Dan Liston (from sonny.org? what a punch in the face) asked,
Well, first there's the question in the subject line, which didn't
reappear in the text.
The basic difference between ^TO and ^TO_ is that ^TO_ will not match a
string that ends in a hyphen, while ^TO will. Stephen was going to
change ^TO so as not to match a string ending in a hyphen, but (perhaps
other people as well and) I pointed out that the use of ^TOname to catch
such things as "To: owner-name" or "To: real-name," and he didn't want
to break that, plus he regretted not having named it ^TO_ in the first
place, so he left ^TO as it was and added ^TO_, which was the token he
had wanted to use originally anyway, to have the expansion he had really
wanted originally.
1. Is the global /etc/procmailrc *always* used since it exists?
It is used when procmail is invoked with no rcfiles named on its command
line. Note that the -m option requires naming exactly one rcfile, so
procmail -m never reads /etc/procmailrc unless that's the named rcfile
or the named rcfile calls /etc/procmailrc with INCLUDERC or SWITCHRC.

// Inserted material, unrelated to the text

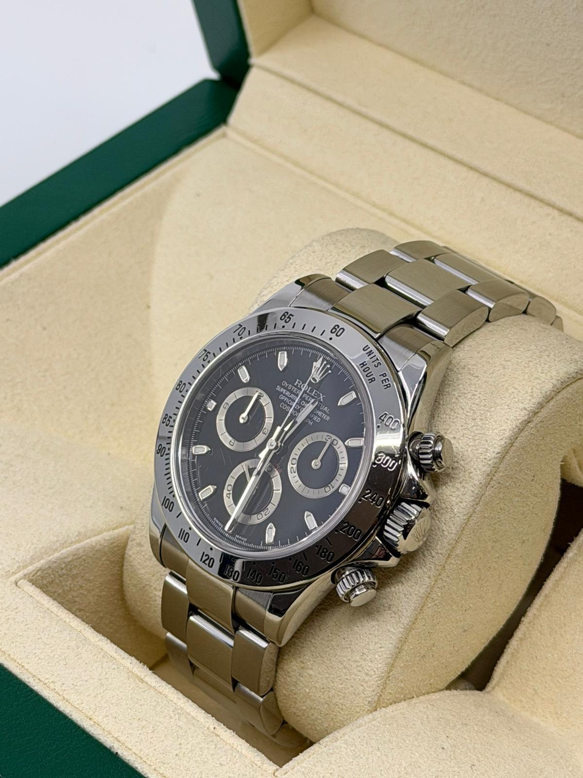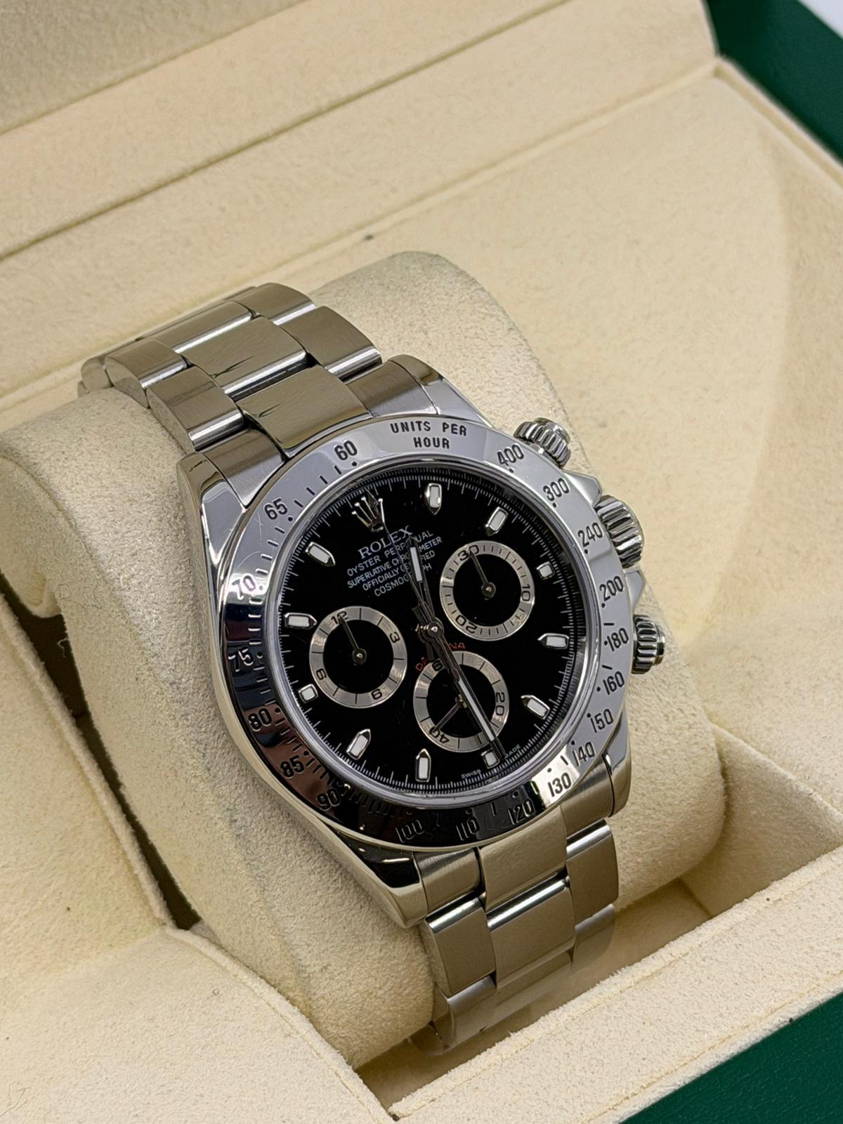 Marca Rolex Modello (Orologio) Daytona Numero di referenza 116520 Carica Automatico Materiale della cassa Acciaio Materiale cinturino Acciaio Anno di produzione 2007 anno approssimativo documenti originali Rolex, no box Carica Automatico Cassa Materiale della cassa Acciaio Diametro 40 mm Impermeabile 10 ATM Materiale lunetta Acciaio Vetro Vetro zaffiro Quadrante Nero Cinturino chiusura lunga Materiale cinturino Acciaio Colore cinturino Acciaio Chiusura Déployante Materiale chiusura Acciaio - COMMISSIONE D’ASTA 25%

2. Are the recipes in the global file given a precedence over a
personal rc file? Or should I "INCLUDERC" the /etc/procmailrc
from my personal ~/.procmailrc file?
If procmail reaches the end of /etc/procmailrc without completing
delivery, it drops privileges and moves to ~/.procmailrc. Do *not* call
~/.procmailrc as an INCLUDERC within /etc/procmailrc, or it may be run
twice, and especially don't do that if you haven't dropped privileges
yet, because then ~/.procmailrc will be processed as root.
3. When is the right time in the /etc/procmailrc to DROPPRIVS?

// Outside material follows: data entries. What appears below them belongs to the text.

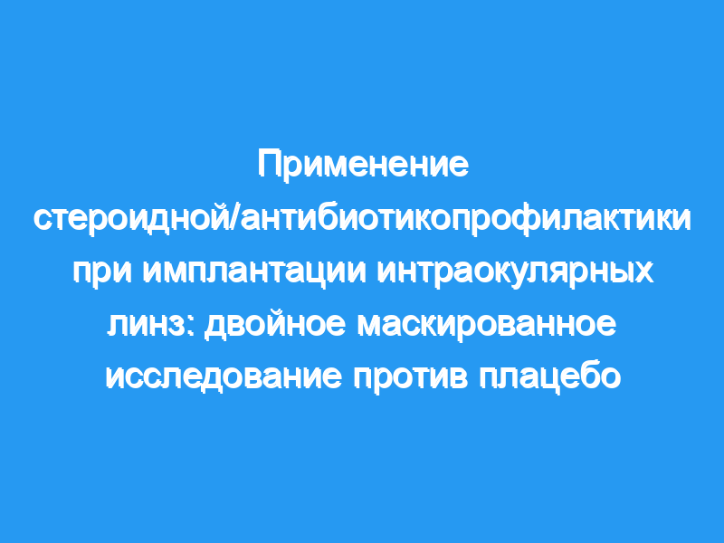 Было проведено проспективное рандомизированное исследование с двойной маскировкой для сравнения эффективности лечения стероидами/антибиотиками и плацебо в снижении послеоперационного воспаления глаз.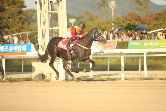◇제9회 과천시장배대상경주에서 라온모리스가 결승선을 통과하고 있다.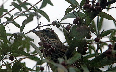 前回、この木の実にツグミ類の仲間がかなりついていたのです。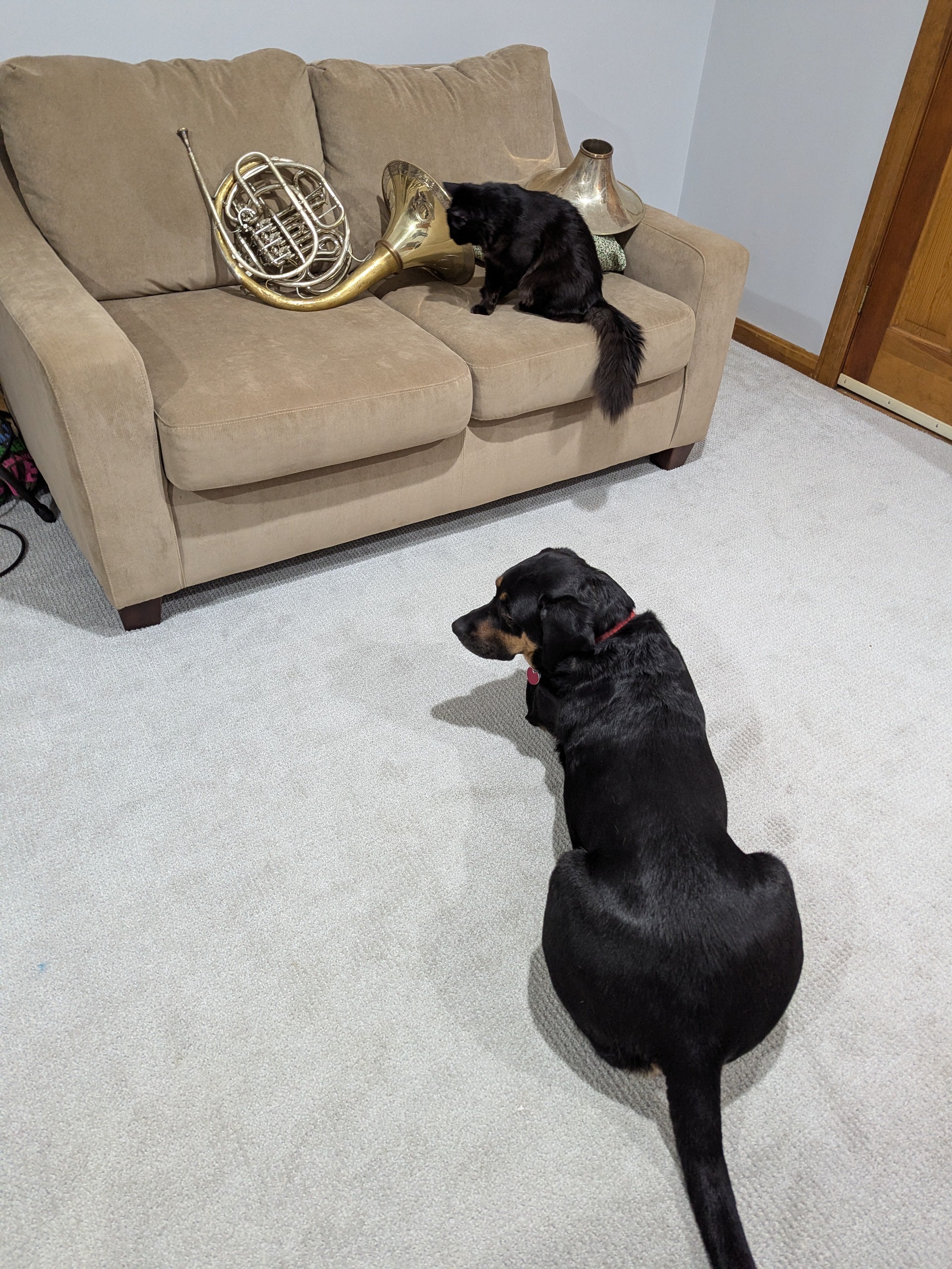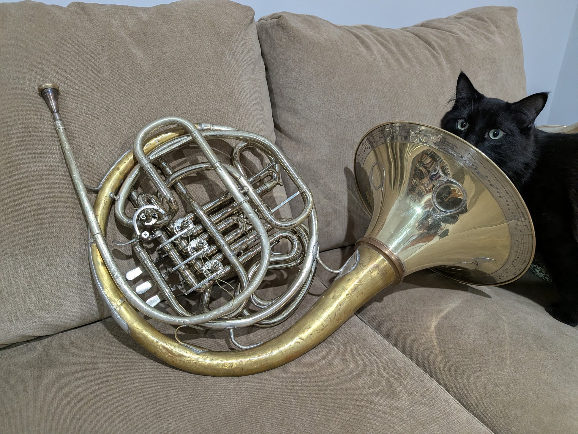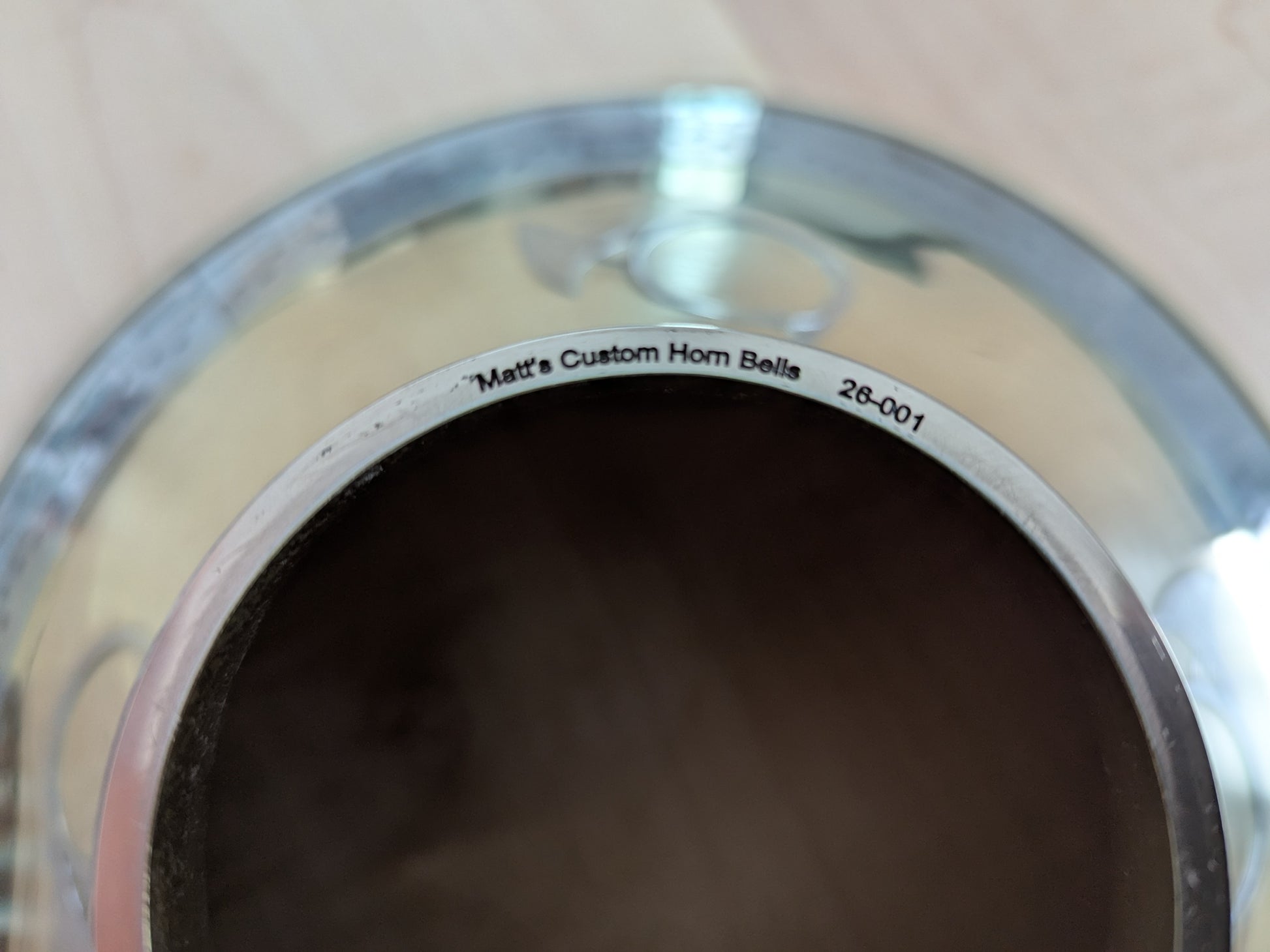 This customized bell is part of a unique duo–its garland is engraved in the second half of the Sigfried’s long call, picking up exactly where its partner left off. The bell itself is from a Conn 4D that likely belonged to a school district in Evansville Indiana since 1962, based on its 985,000s serial number. So after over 60 years of reliable service, the bell flare was straightened, delacquered, cleaned, and fitted with an Alexander compatible ring made of bronze for its good wear and low friction properties. In addition to the second half of Sigfried’s long call (engraved into four strips of nickel silver, and then soldered onto the bell rim in the style of a bell garland), four natural horn silhouettes were cut from nickel silver sheet-stock and then soldered around the mid-height of the bell flare. The natural horn silhouette is a very appropriate companion to the Sigfried’s Call garland.

I assume this means procmail is running as root or mail until
a DROPPRIVS=yes is encountered, at which time, procmail will
run as the user a message is to be delivered to.
That depends on the code in /etc/procmailrc. If none of it requires
root rights, drop at the beginning. In any case, procmail will drop
them automatically if it gets to the end of /etc/procmailrc without
completing delivery and moves to ~/.procmailrc.
4. When it is better to use the /etc/procmailrcs/some-recipe.rc
file location?
There I can't help you, so let's wait for someone else to step forward.